** Data follows **

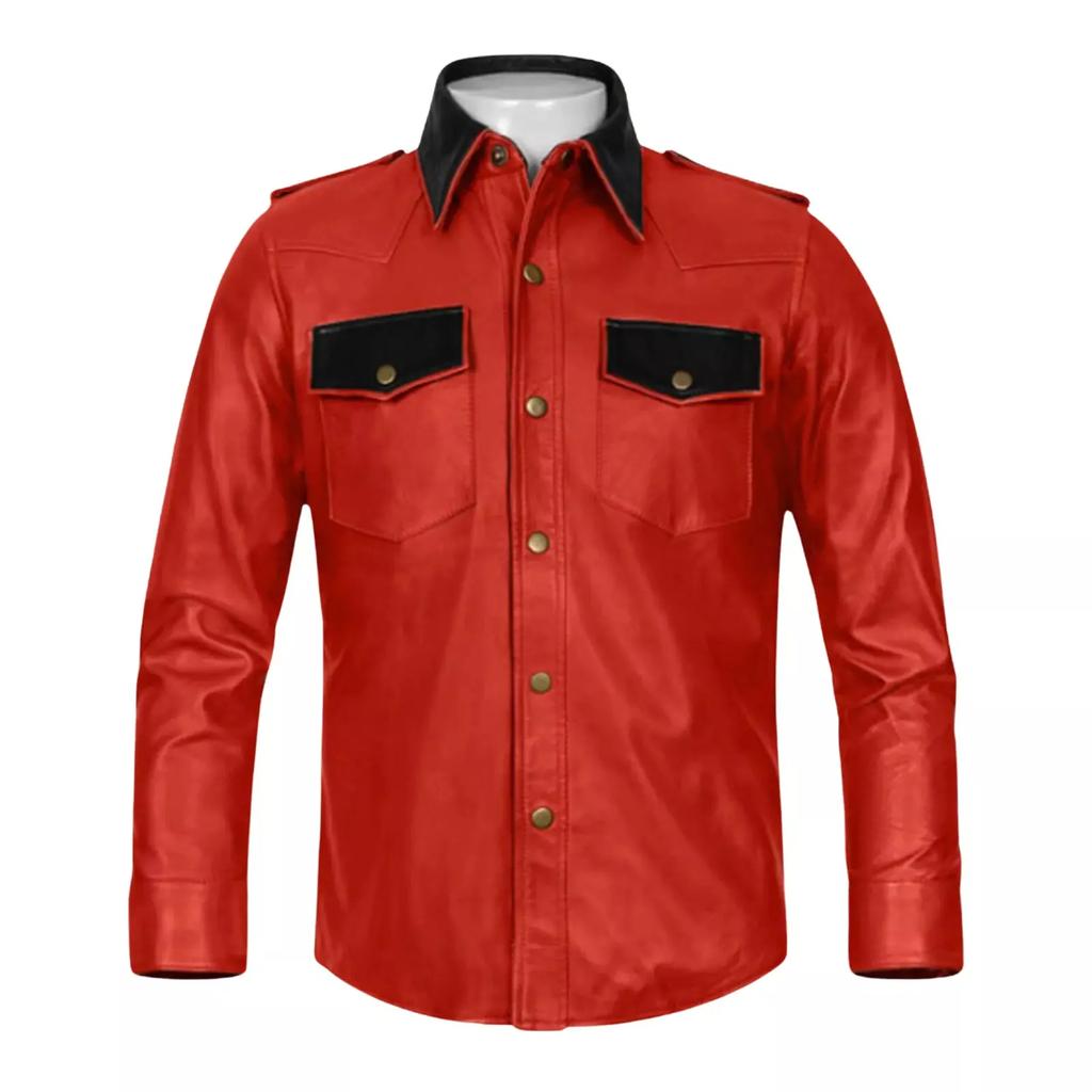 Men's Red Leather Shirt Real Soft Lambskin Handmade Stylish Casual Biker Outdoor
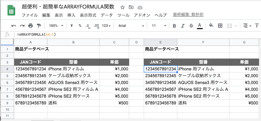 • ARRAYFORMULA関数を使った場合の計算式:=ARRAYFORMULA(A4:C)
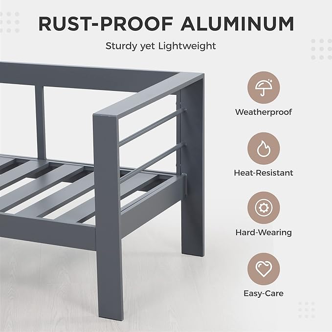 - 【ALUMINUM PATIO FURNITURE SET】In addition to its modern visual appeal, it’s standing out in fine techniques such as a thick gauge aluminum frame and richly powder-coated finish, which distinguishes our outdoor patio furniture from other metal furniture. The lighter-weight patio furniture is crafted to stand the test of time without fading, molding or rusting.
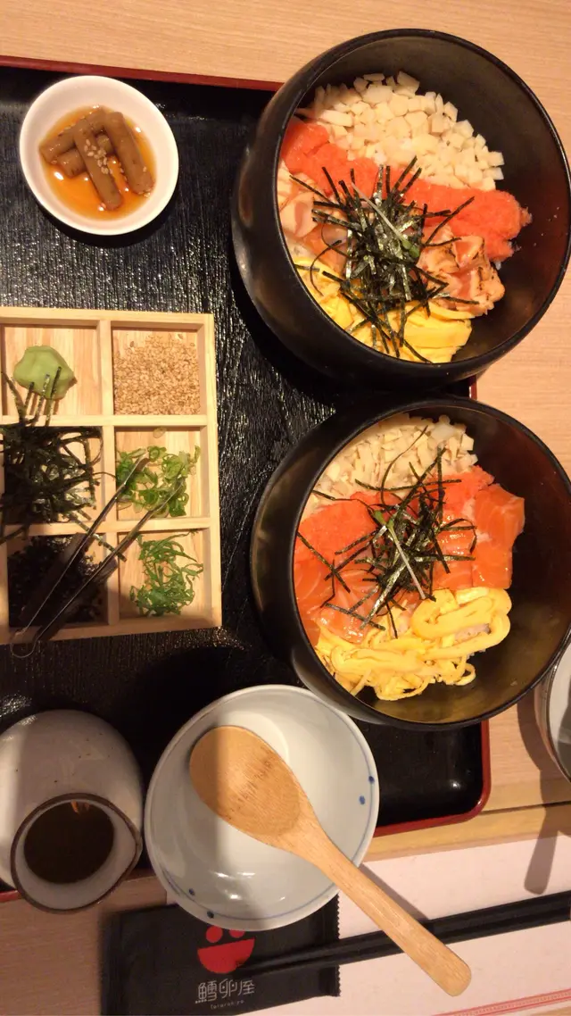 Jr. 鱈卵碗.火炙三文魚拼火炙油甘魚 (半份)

** End of Data **
** Data follows **

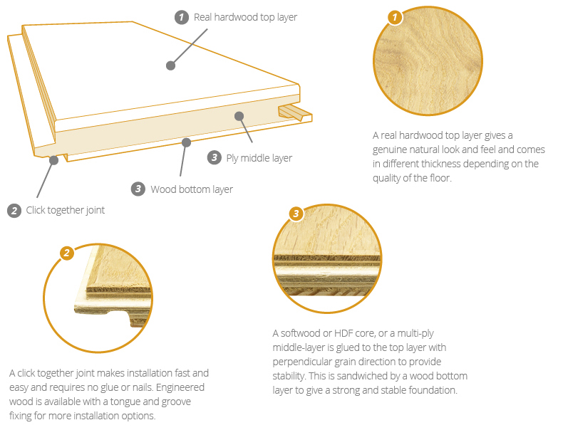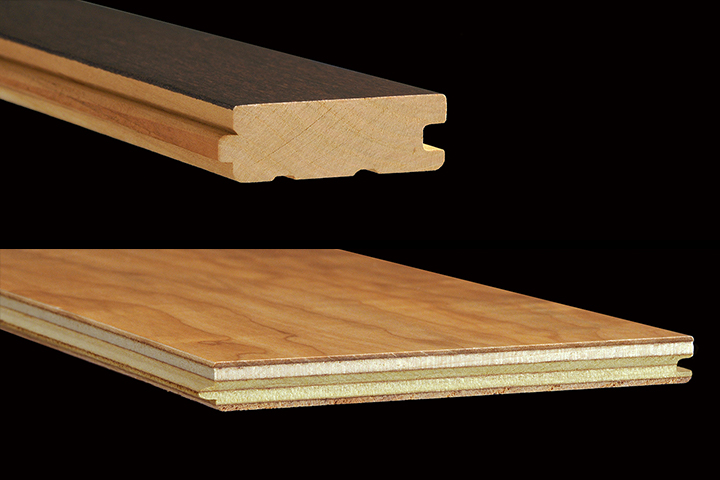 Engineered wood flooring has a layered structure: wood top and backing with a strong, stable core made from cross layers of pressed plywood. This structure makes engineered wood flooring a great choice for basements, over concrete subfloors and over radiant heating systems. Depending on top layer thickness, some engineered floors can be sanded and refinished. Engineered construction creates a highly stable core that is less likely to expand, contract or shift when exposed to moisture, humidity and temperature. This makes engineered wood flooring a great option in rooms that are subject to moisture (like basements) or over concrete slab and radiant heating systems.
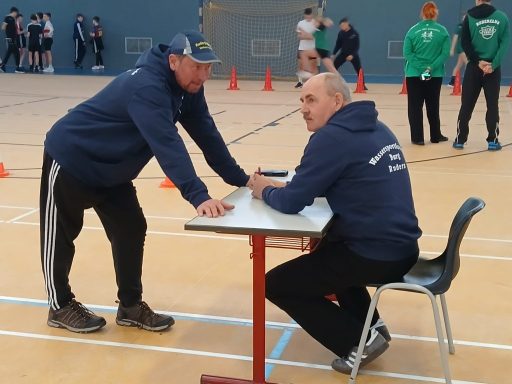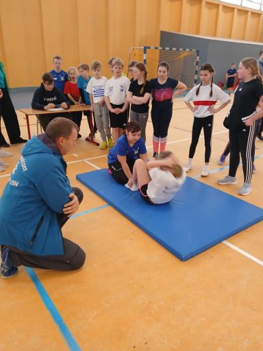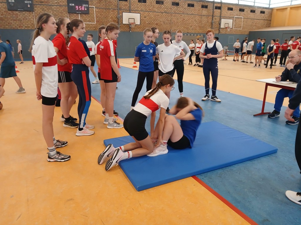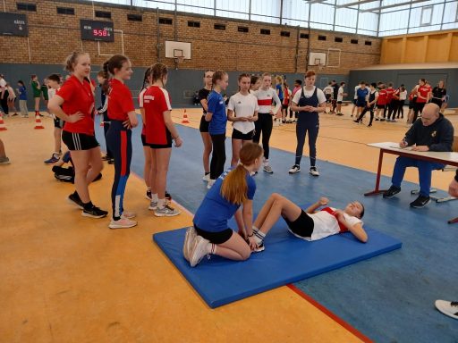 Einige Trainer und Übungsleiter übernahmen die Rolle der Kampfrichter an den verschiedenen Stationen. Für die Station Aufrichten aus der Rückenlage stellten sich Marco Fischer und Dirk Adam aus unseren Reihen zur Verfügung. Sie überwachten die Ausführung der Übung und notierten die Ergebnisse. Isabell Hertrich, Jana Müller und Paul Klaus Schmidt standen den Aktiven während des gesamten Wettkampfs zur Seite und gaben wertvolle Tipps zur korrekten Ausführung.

** End of Data **

Exercise description
Above are the records; restate exactly the lines from the one containing "Engineered wood flooring has" through the one containing "Einige Trainer und", keeping pictures out.

Answer section
 Engineered wood flooring has a layered structure: wood top and backing with a strong, stable core made from cross layers of pressed plywood. This structure makes engineered wood flooring a great choice for basements, over concrete subfloors and over radiant heating systems. Depending on top layer thickness, some engineered floors can be sanded and refinished. Engineered construction creates a highly stable core that is less likely to expand, contract or shift when exposed to moisture, humidity and temperature. This makes engineered wood flooring a great option in rooms that are subject to moisture (like basements) or over concrete slab and radiant heating systems.
 Einige Trainer und Übungsleiter übernahmen die Rolle der Kampfrichter an den verschiedenen Stationen. Für die Station Aufrichten aus der Rückenlage stellten sich Marco Fischer und Dirk Adam aus unseren Reihen zur Verfügung. Sie überwachten die Ausführung der Übung und notierten die Ergebnisse. Isabell Hertrich, Jana Müller und Paul Klaus Schmidt standen den Aktiven während des gesamten Wettkampfs zur Seite und gaben wertvolle Tipps zur korrekten Ausführung.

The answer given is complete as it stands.